Building Spiders (大规模爬取)

from scrapling.spiders import Spider, Response

class MySpider(Spider):
    name = "products"
    start_urls = ["https://shop.example.com/"]
    concurrent_requests = 10  # 并发数

    async def parse(self, response: Response):
        for item in response.css('.product'):
            yield {
                "title": item.css('h2::text').get(),
                "price": item.css('.price::text').get(),
            }

        # 翻页
        next_page = response.css('.next a::attr(href)').get()
        if next_page:
            yield response.follow(next_page)

# 运行
result = MySpider().start()
print(f"爬取了 {len(result.items)} 条")

# 导出
result.items.to_json("output.json")
result.items.to_jsonl("output.jsonl")

断点续爬

# 指定crawl目录，支持暂停/恢复
MySpider(crawldir="./crawl_data").start()

# Ctrl+C 暂停，再次运行从断点继续

多Session混用

from scrapling.spiders import Spider, Request
from scrapling.fetchers import FetcherSession, AsyncStealthySession

class MultiSpider(Spider):
    name = "multi"

    def configure_sessions(self, manager):
        # 普通请求 - 快
        manager.add("fast", FetcherSession(impersonate="chrome"))
        # 隐身请求 - 过反爬
        manager.add("stealth", AsyncStealthySession(headless=True), lazy=True)

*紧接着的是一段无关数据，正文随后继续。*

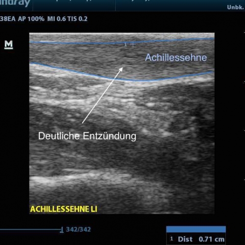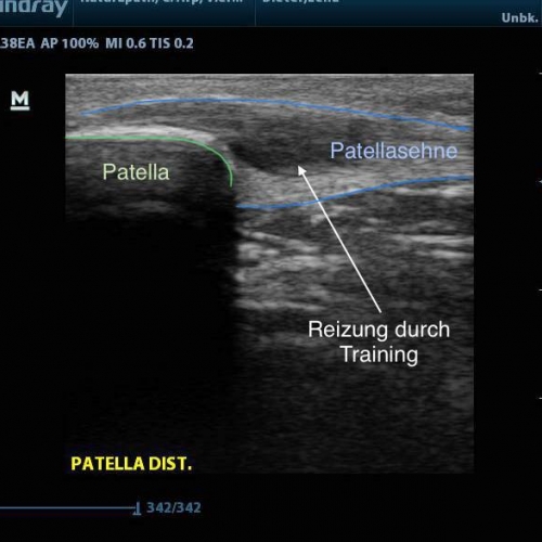 Je nach Intension der Untersuchung werden hier Schallfrequenzen zwischen 3 und 12 Mhz eingesetzt. Je niedriger die Frequenz, desto besser ist die Penetration der Wellen durch das Gewebe, allerdings lässt dabei die Detailreiche nach. Das heißt, die Schallwellen dringen tiefer ein, aber das Bild wird unschärfer. Je höher die Frequenz, desto schlechter die Penetration aber um so höher die Auflösung des Bildes. Dies eignet sich gerade auch für oberflächliche Strukturen wie Sehnen und Gefäße.

    async def parse(self, response):
        for link in response.css('a::attr(href)').getall():
            if "protected" in link:
                yield Request(link, sid="stealth")  # 用隐身session
            else:
                yield Request(link, sid="fast")      # 用快速session

Adaptive Parsing (自适应解析)

网站改版后自动重新定位元素：

# 首次爬取，保存元素特征
products = page.css('.product', auto_save=True)

# 网站改版后，用adaptive=True自动重新定位
products = page.css('.product', adaptive=True)

Proxy Rotation

from scrapling.fetchers import StealthyFetcher, ProxyRotator

proxies = ProxyRotator([
    "http://proxy1:8080",
    "http://proxy2:8080",
])

page = StealthyFetcher.fetch(
    'https://example.com',
    proxy=proxies.next()
)

CLI Commands

# 交互式shell
scrapling shell

# 直接抓取（不用写代码）
scrapling extract get 'https://example.com' output.md
scrapling extract stealthy-fetch 'https://protected.com' output.html --solve-cloudflare

# 安装浏览器
scrapling install
scrapling install --force

MCP Server (AI集成)

让Claude/Cursor直接调Scrapling爬数据：

pip install "scrapling[ai]"

# 启动MCP服务
scrapling mcp

配置到Claude Desktop的config：

{
  "mcpServers": {
    "scrapling": {
      "command": "scrapling",
      "args": ["mcp"]
    }
  }
}

Common Use Cases

电商比价

from scrapling.fetchers import StealthyFetcher

page = StealthyFetcher.fetch('https://item.jd.com/12345.html', headless=True)
price = page.css('.price::text').get()
title = page.css('.sku-name::text').get()

招聘信息

from scrapling.spiders import Spider, Response

class JobsSpider(Spider):
    name = "jobs"
    start_urls = ["https://www.zhipin.com/job_detail/?query=Python"]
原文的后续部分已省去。